Task requirements: Keep the images out while you set down the data exactly.

Data shown:
☆ ☆ ☆ ☆

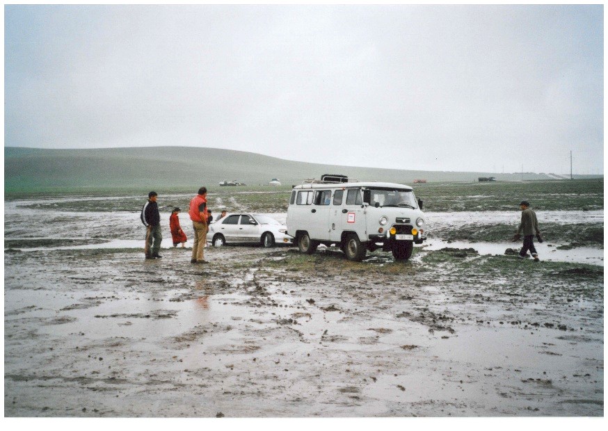 schlammige Piste nach einem Regentag - wir helfen einem Nicht-Allrad-Fahrzeug
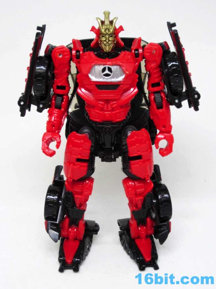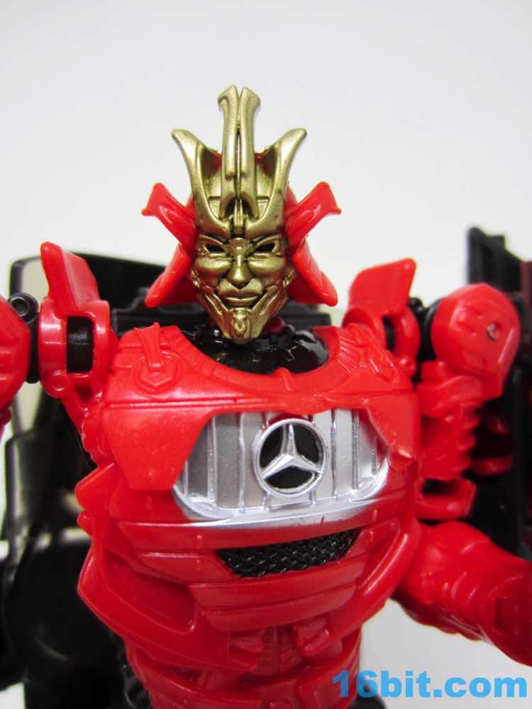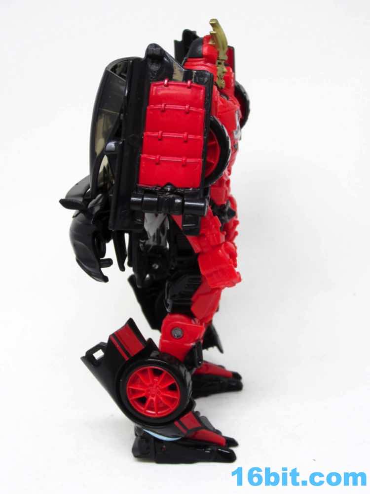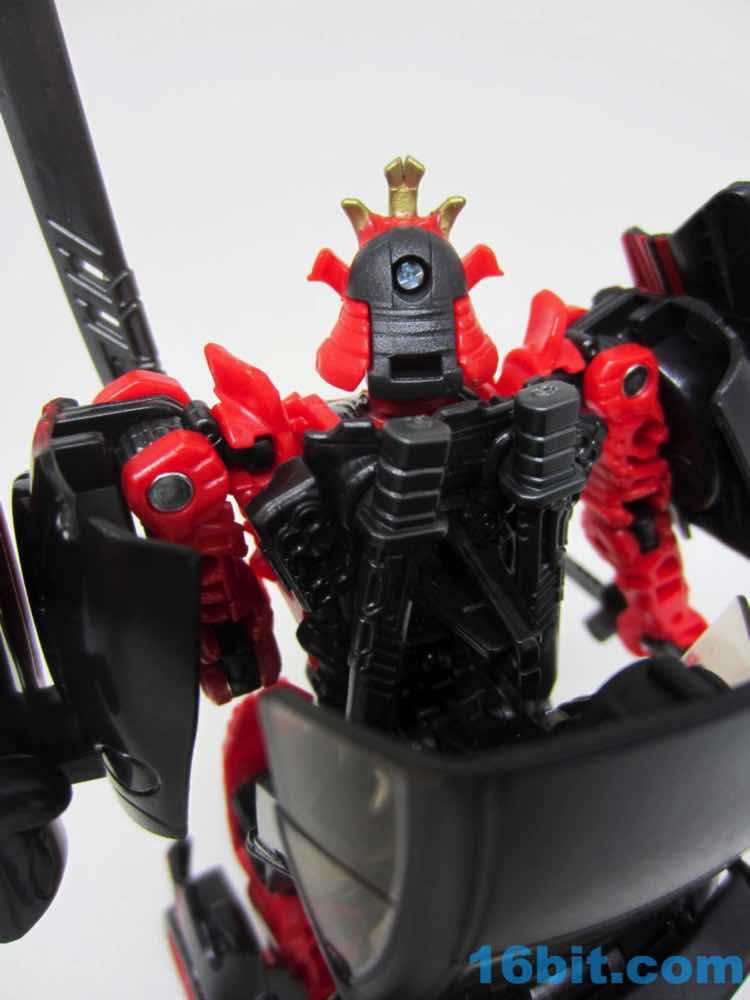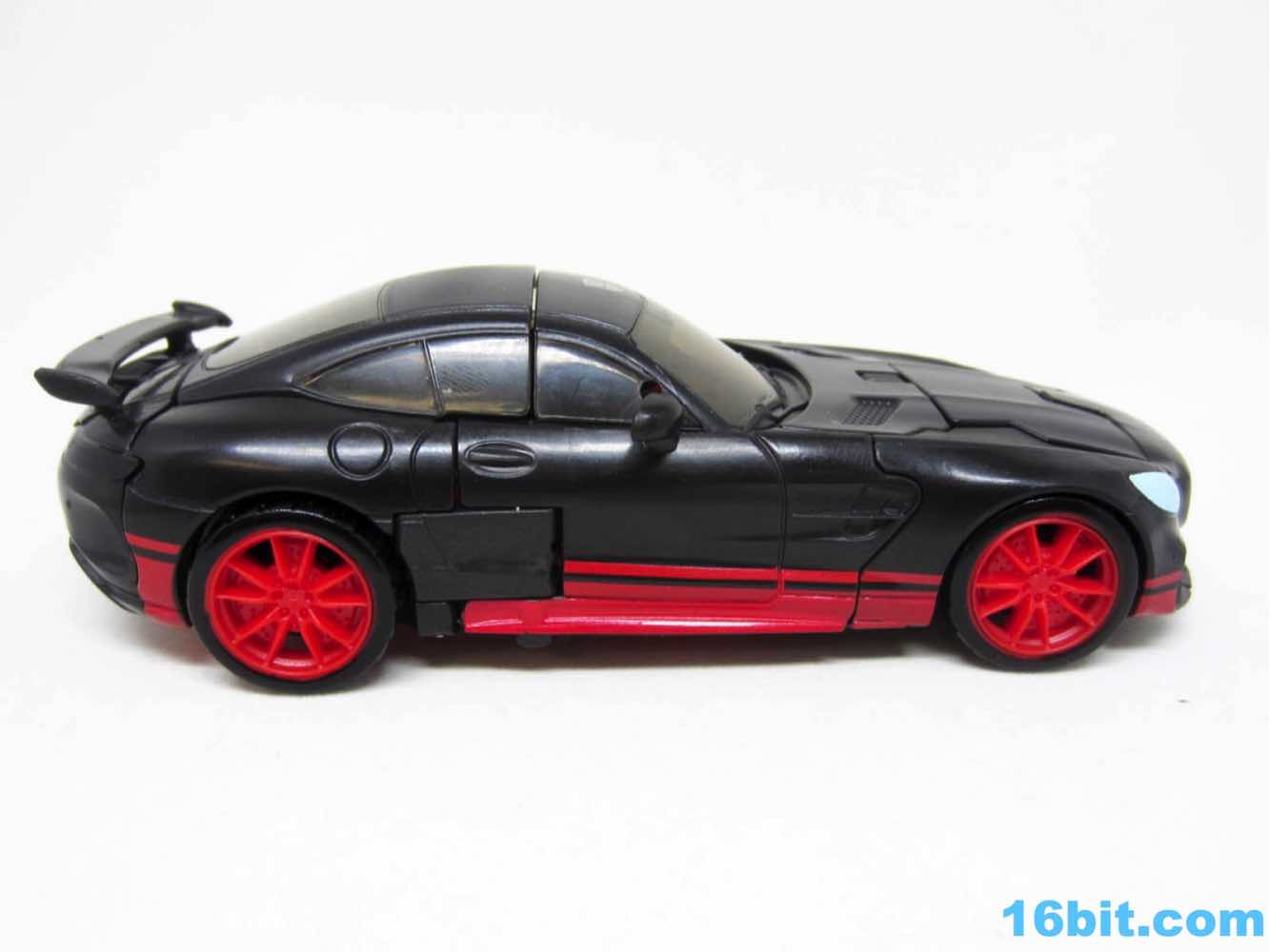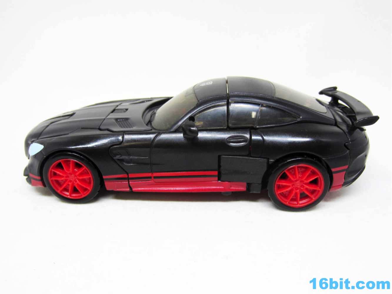 His four swords seem to be the same as the previous Deluxe toy, but cast in black. I can't find any obvious differences in them, aside from the black plastic feeling a little more flexible than the gold plastic. You can plug them in all sorts of places - his hands, 5mm ports on his back, and under the car in vehicle mode. The little swords tuck inside the car perfectly, while the big ones drag along the asphalt. Everybody did a bang-up job here.
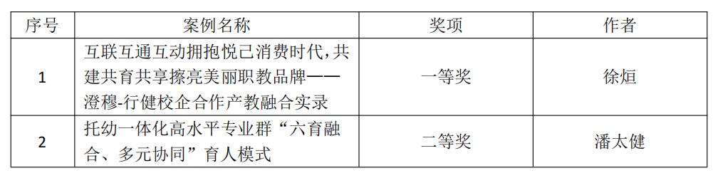 近日,由上海市教育委员会教育技术装备中心、上海市发展改革研究院、上海市职业教育产教融合促进会举办的产教融合校企合作案例征集活动结果出炉,数字商贸学院案例《互联互通互动拥抱悦己消费时代共建共育共享擦亮美丽职教品牌----澄穆行健校企合作产教融合实录》荣获一等奖;儿童教育学院案例《托幼一体化高水平专业群“六育融合、多元协同”育人模式》荣获二等奖,学校获评“优秀组织奖”。
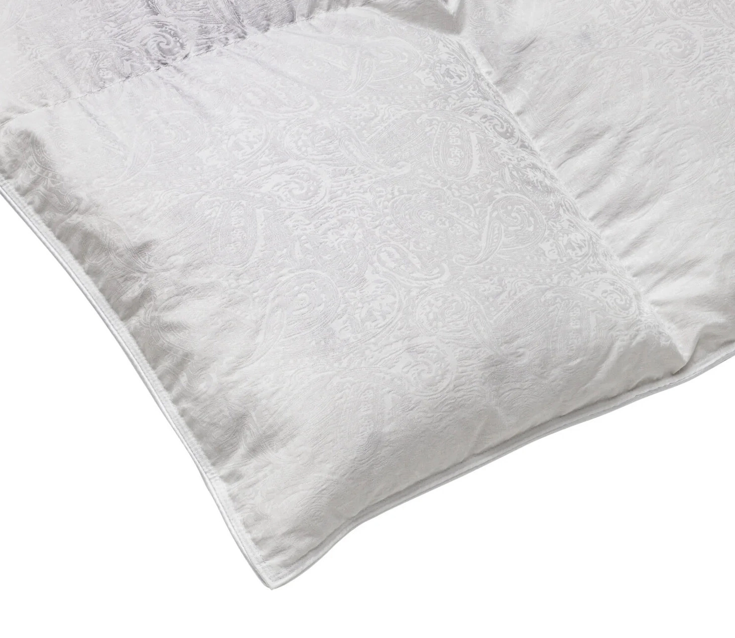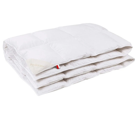 Luksusowa kołdra White Flower wypełniona 100% polskim puchem gęsim. Kołdra pokryta delikatną, żakardową tkaniną bawełnianą w białym kolorze z wzorem kwiatów podkreślającym luksusowy charakter produktu. Nadaje się do prania. Kołdra posiada różnej wielkości kasety z dostosowanymi do nich masami puchu tak, aby zapewnić optymalną temperaturę w czasie snu. Wewnątrz kołdry wszyte są taśmy tworzące ścianki wokół każdej kratki, dzięki czemu powstają kasetowe komory. Po wypełnieniu, puch nie ma możliwości przemieszczania się między komorami. W miejscach przeszycia kołdra nie posiada tzw. "zimnych stref". Kołdra ta gwarantuje bardzo dobrą izolację cieplną, jest miękka, delikatna w dotyku i zapewnia bardzo wysoki komfort snu. Posiada certyfikat NOMITE - dla osób uczulonych na kurz i roztocza kurzu domowego.
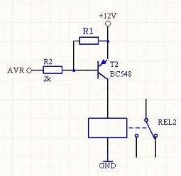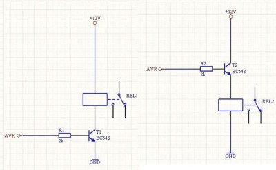 Tranzystor sterowany jest z mikrokontrolera AVR zasilanego 5V. Cewka przekaźnika 12V.
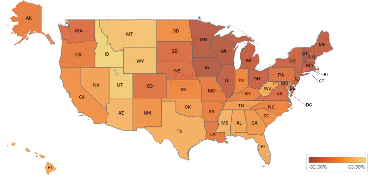 FIGURE 2. Percent Change in Utilization of Dental Services from March 2019 to March 2020, by State
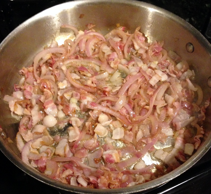 Meanwhile, heat 1 Tbsp. oil in a large skillet over medium heat. Add onion and pancetta and cook, stirring occasionally, until pancetta is brown and crisp, about 5 minutes; season with salt and pepper.
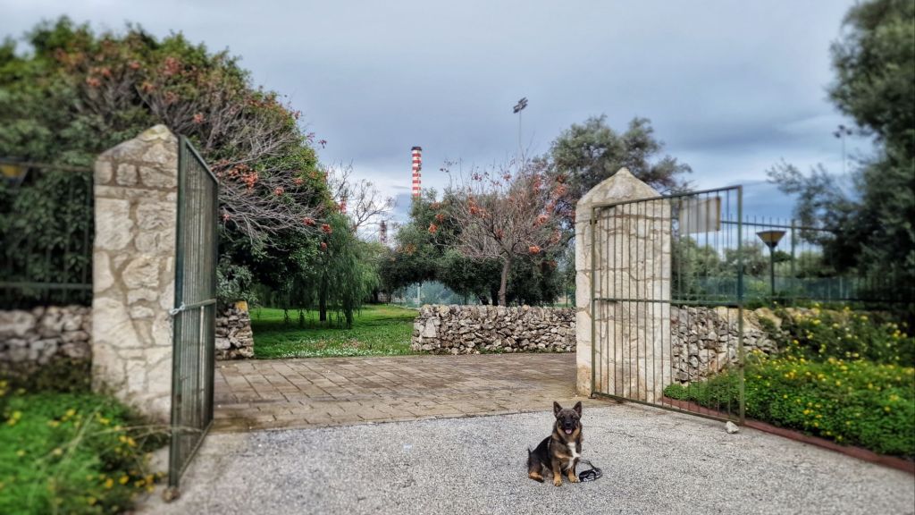 Morgonpromenad på en industriväg, här smygfotade jag Björn en vattendistributionsanläggning genom ett galler.Björn planerar trespassing in på ett tennisområde.Björn är nu inne på området. Ett raff ligger synligt från vardagsrummet. Vindriktingen är viktigt för personalen att ha koll på. Det finns hela fem vindriktningsvisare i bilden. Även i denna förminskade bild syns de.
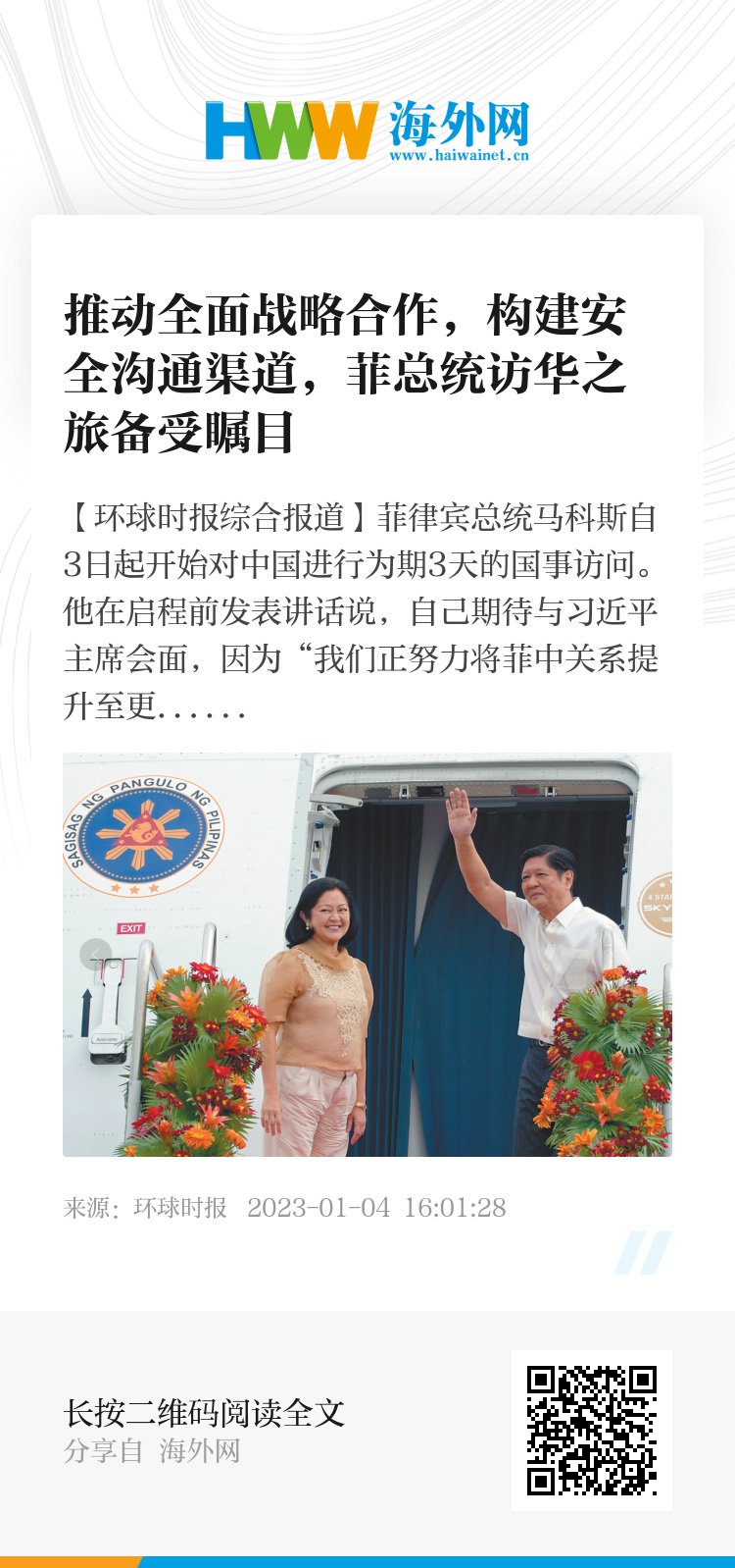 【环球时报综合报道】菲律宾总统马科斯自3日起开始对中国进行为期3天的国事访问。他在启程前发表讲话说,自己期待与习近平主席会面,因为“我们正努力将菲中关系提升至更高档位,这有望为两国人民带来大量和平与发展的机会”。菲律宾媒体3日报道称,这是马科斯新年伊始的首个外访行程,也是其任内首次访华以及首次正式访问东盟以外国家。同时,他还成为2023年中方接待的首位外国元首。这充分体现出两国政府对双方关系的高度重视,预计将为菲中未来一段时间的双边关系定调。不少菲媒在报道中提到,菲政府和企业期待马科斯此次国事访问能够促进与中国的更多合作,加强贸易与投资往来。不过,部分西方舆论却只将目光锁定在南海问题上,大肆炒作“争议海域的紧张局势”。马科斯3日在讲话中表示,我们两国之间的问题,是菲律宾和中国这样的朋友之间不应存在的问题,“我们将努力为两国的共同利益解决这些问题”。

☆ ☆ ☆ ☆

Exercise output:
 schlammige Piste nach einem Regentag - wir helfen einem Nicht-Allrad-Fahrzeug
 His four swords seem to be the same as the previous Deluxe toy, but cast in black. I can't find any obvious differences in them, aside from the black plastic feeling a little more flexible than the gold plastic. You can plug them in all sorts of places - his hands, 5mm ports on his back, and under the car in vehicle mode. The little swords tuck inside the car perfectly, while the big ones drag along the asphalt. Everybody did a bang-up job here.
 近日,由上海市教育委员会教育技术装备中心、上海市发展改革研究院、上海市职业教育产教融合促进会举办的产教融合校企合作案例征集活动结果出炉,数字商贸学院案例《互联互通互动拥抱悦己消费时代共建共育共享擦亮美丽职教品牌----澄穆行健校企合作产教融合实录》荣获一等奖;儿童教育学院案例《托幼一体化高水平专业群“六育融合、多元协同”育人模式》荣获二等奖,学校获评“优秀组织奖”。
 Luksusowa kołdra White Flower wypełniona 100% polskim puchem gęsim. Kołdra pokryta delikatną, żakardową tkaniną bawełnianą w białym kolorze z wzorem kwiatów podkreślającym luksusowy charakter produktu. Nadaje się do prania. Kołdra posiada różnej wielkości kasety z dostosowanymi do nich masami puchu tak, aby zapewnić optymalną temperaturę w czasie snu. Wewnątrz kołdry wszyte są taśmy tworzące ścianki wokół każdej kratki, dzięki czemu powstają kasetowe komory. Po wypełnieniu, puch nie ma możliwości przemieszczania się między komorami. W miejscach przeszycia kołdra nie posiada tzw. "zimnych stref". Kołdra ta gwarantuje bardzo dobrą izolację cieplną, jest miękka, delikatna w dotyku i zapewnia bardzo wysoki komfort snu. Posiada certyfikat NOMITE - dla osób uczulonych na kurz i roztocza kurzu domowego.
 Tranzystor sterowany jest z mikrokontrolera AVR zasilanego 5V. Cewka przekaźnika 12V.
 FIGURE 2. Percent Change in Utilization of Dental Services from March 2019 to March 2020, by State
 Meanwhile, heat 1 Tbsp. oil in a large skillet over medium heat. Add onion and pancetta and cook, stirring occasionally, until pancetta is brown and crisp, about 5 minutes; season with salt and pepper.
 Morgonpromenad på en industriväg, här smygfotade jag Björn en vattendistributionsanläggning genom ett galler.Björn planerar trespassing in på ett tennisområde.Björn är nu inne på området. Ett raff ligger synligt från vardagsrummet. Vindriktingen är viktigt för personalen att ha koll på. Det finns hela fem vindriktningsvisare i bilden. Även i denna förminskade bild syns de.
 【环球时报综合报道】菲律宾总统马科斯自3日起开始对中国进行为期3天的国事访问。他在启程前发表讲话说,自己期待与习近平主席会面,因为“我们正努力将菲中关系提升至更高档位,这有望为两国人民带来大量和平与发展的机会”。菲律宾媒体3日报道称,这是马科斯新年伊始的首个外访行程,也是其任内首次访华以及首次正式访问东盟以外国家。同时,他还成为2023年中方接待的首位外国元首。这充分体现出两国政府对双方关系的高度重视,预计将为菲中未来一段时间的双边关系定调。不少菲媒在报道中提到,菲政府和企业期待马科斯此次国事访问能够促进与中国的更多合作,加强贸易与投资往来。不过,部分西方舆论却只将目光锁定在南海问题上,大肆炒作“争议海域的紧张局势”。马科斯3日在讲话中表示,我们两国之间的问题,是菲律宾和中国这样的朋友之间不应存在的问题,“我们将努力为两国的共同利益解决这些问题”。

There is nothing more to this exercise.